My Favourite Holiday: Millie Kidd
Singer-songwriter and frontwoman of alt-rock band The Ninth Wave, Millie Kidd recounts an ominous moment on a family trip to Greenland
Coming to terms with the fact her children are now adults, my mum gets inventive with holiday destinations. One particular trip, she told us she was taking us somewhere we ‘couldn’t escape to the clubs’. This location didn’t even have main roads, let alone a nightlife: she was taking us to Greenland.
It was June, the maximum temperature was two degrees and the sun never went down. On an evening walk, we passed thousands of sled dogs chained to the ground. This was an unsettling sight for our Scottish eyes, but these dogs were the source of income for the village and dangerous if treated as pets (a local showed us scars on both of his arms from when his dogs turned against him after he attempted to domesticate them as puppies).

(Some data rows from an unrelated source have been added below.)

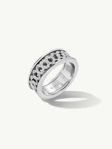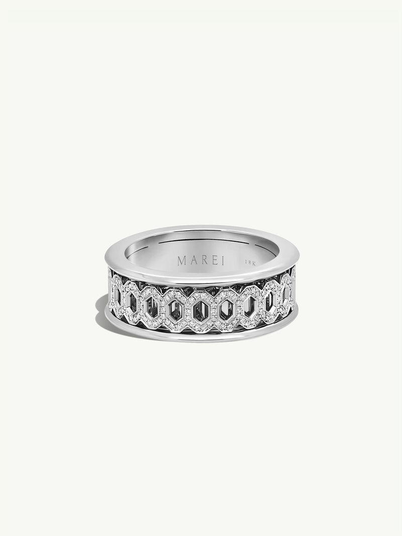 The Amanti Spinning Infinity Ring by New York jewelry designer Angie Marei is exquisitely handcrafted with great precision in luxurious 18-karat white gold precious metal. This elegant design possesses an intricate pattern of brilliant pavé diamond geometric dimensional windows creating a glittering vignette that shines and reflects light from all angles.
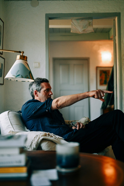 – Jag hade sökt till Stockholm och Malmö innan jag kom in i Göteborg. Känslan var lite grann som när jag nu anländer till Österlen: axlarna släppte ner. Då, när jag var 23 år, visste jag inte riktigt vad det innebar. Jag visste bara att jag bland tusen sökanden var en av de sju som hade kommit in och vad jag skulle göra de kommande fyra åren. Det var skönt. Sedan tog det ett tag att komma underfund med uttrycksbehovet. Det var en unik utbildning, som gav mig självförtroende inom ett yrke som jag eventuellt visste att jag hade en talang för. Jag fick med mig förståelsen för vad den fysiska gestaltningen innebär. Det finns ett slags kodspråk på Scenskolan kallat Yat, där man talar om fysiska rörelser ungefär som noter. Tydliga fysiska uttryck behövs på en scen, och det fick jag med mig.
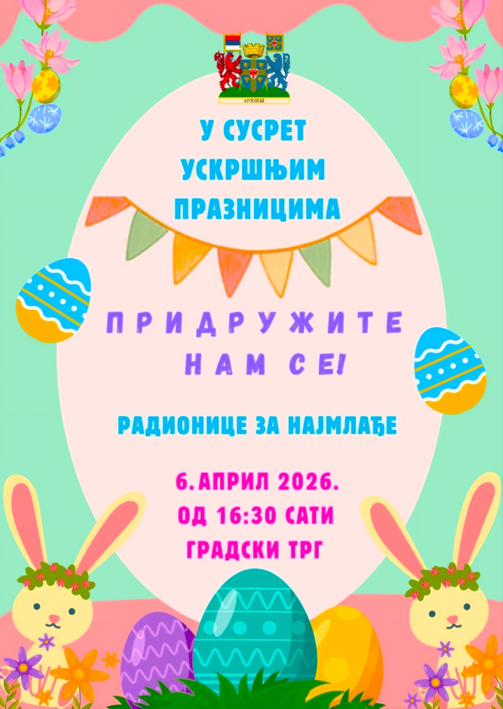 Uoči velikog praznika Uskrsa, u ponedeljak, 6. aprila sa početkom u 16:30 sati, Grad Leskovac će na centralnom gradskom trgu organizovati uskršnje radionice za najmlađe, uz podršku, Turističke organizacije Leskovac, Predškolske ustanove „Vukica Mitrović“, privatnih vrtića Agnes, Vil, Zvezdica, Plavi čuperak, Biberče i Auto-stop, kao i Muzičke škole „Stanislav Binički“.
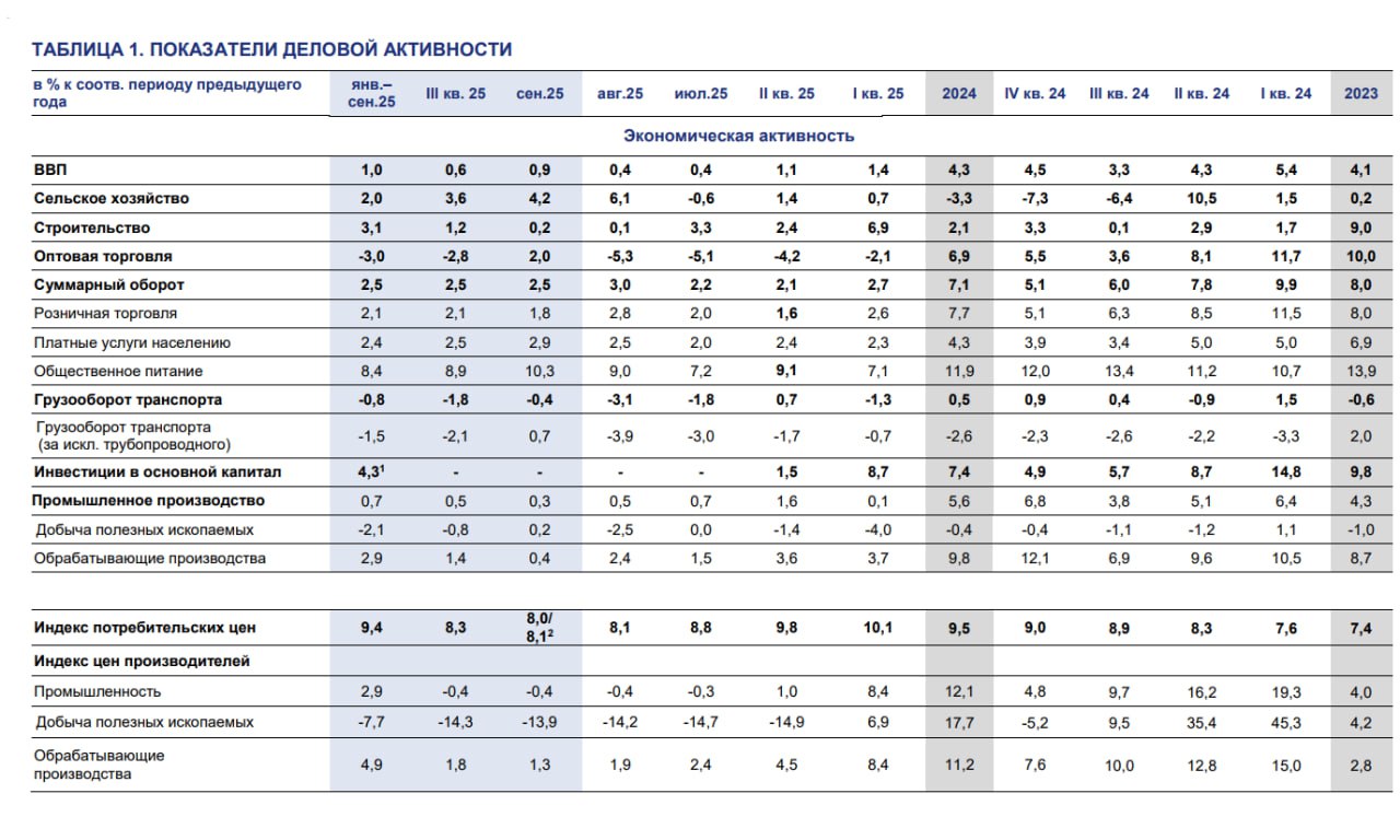 По оценкам Минэкономразвития, ВВП ускорился до 0.9% г/г в сентябре после 0.4% г/г в августе, а в 3кв25 рост составил 0.6% г/г после +1.1% г/г в 2кв25 и +1.4% г/г в 1кв25 (видимая тенденция на замедление) и около +1.0% г/г за 9м25.

Tensions were brewing among the pack. Food was scarce at this time of the year and, for the first time in weeks, the dogs were about to be fed. Slowly, then all at once, they created an otherworldly sound; a thousand screams of varying pitches and ferocities, only comparable to that of intense pain or terror. Trying to take in the moment whilst taking a piece home forever, I captured the harrowing audio surrounding me.
Returning to Glasgow, I had one track in particular (for my solo project Sin Clair) that was missing a window into another world, and from this holiday I had returned with the exact sound I didn’t know existed. Completely unforgettable and inimitable.